Japan’s Hidden Christians

I learned something interesting today. Japan’s prime minister Taro Aso is a Christian. That’s fairly remarkable given that the country’s Christians are estimated to be less than one percent of the population. Even more surprising, Aso is the third Christian prime minister in Japan since the end of World War II, although he is the first Roman Catholic.An article from The Japan Times recounts Christianity’s long but often overlooked history in Japan. I’ve been intrigued by Japanese Christianity since doing research for my book, The Divine Commodity. In  chapter one I retell the story of the Kakure-also known as the hidden or crypto-Christians. As The Japan Times article reports:

Christianity was repressed during the 16th century, seen by the government as a threat to national security, with the shogunate fearing foreign traders and missionaries would destabilize the culture. It was banned in 1587. Those who continued to practice Christianity, called “kakure kirishitans” (hidden Christians), were persecuted if outed, even crucified, and are the subject of a Martin Scorsese film based on Shusaku Endo’s 1966 award-winning novel “Silence” due out in 2010.

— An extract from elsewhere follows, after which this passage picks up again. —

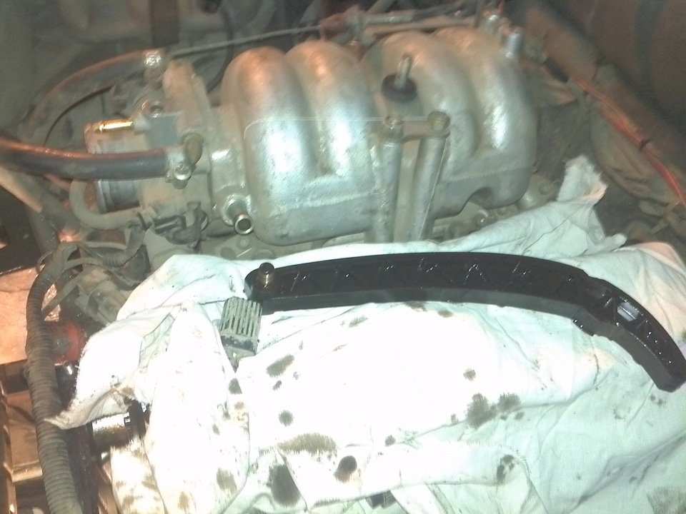 Датчик установленОткрутил две гайки гидронатяжителя, сложность с верхней гайкой, сперва сорвал ее маленьким накидным на 10, затем одел ключ-трубочку на 10 и крутил трубочку пассатижами.Снял гидронатяжитель, выкрутил болт башмака, снял его. Снял звездочку распредвала, цепь и остальные 2 звездочки.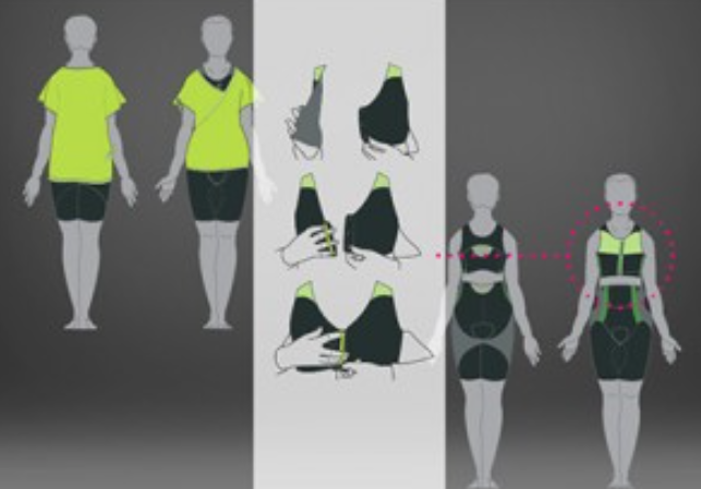Per tutte queste ragioni abbiamo pensato a degli abiti studiati appositamente per i Senior, tenendo conto dei bisogni e delle esigenze di un pubblico adulto anche dal punto di vista fisico e percettivo, progettando così abiti comodi, versatili, capaci di proteggere il fisico senza costringerlo ma garantendogli sempre la più totale libertà. Abbiamo progettato dei tessuti e delle finiture che presentano determinate texture tattili capaci di agire a livello cutaneo proprio dove avviene il lavoro muscolare profondo, in modo da amplificare le sensazioni provate durante l’attività fisica e quindi riuscire a far coscientizzare l’esercizio e la motricità all’utente. Oltre ad un approccio tecnico e percettivo sui materiali abbiamo deciso di integrare direttamente nelle fibre dei tessuti dei sensori flessibili capaci di rilevare battiti, pressione, temperatura corporea e lavoro muscolare, e di inviare continui feedback ad unico device portatile, in modo da avere sempre sotto controllo il proprio corpo durante la pratica sportiva e non solo.

I highly recommend Endo’s book Silence. It’s very disturbing, but brilliantly written and a story that will undoubtedly leave you asking “What would I have done in those circumstances?” I’m excited that Scorsese is making a film based on Silence. But given the graphic scenes of persecution in the novel and Scorsese’s own penchant for blood, I’m not sure I’ll be seeing the film on opening day. Still, the resilience of Christianity in Japan is something we would be wise to study, along with the inherent dangers of wrapping our faith too comfortably in culturally accepted disguises as the Kakure did in the 16th century. In many ways, the story of Christianity in Japan adds credibility to the idea that the medium is the message, and when we change the way our faith is expressed and communicated we may also be unknowingly changing the message itself. (For more on this idea I recommend my friend Shane Hipps’ excellent book Flickering Pixels.)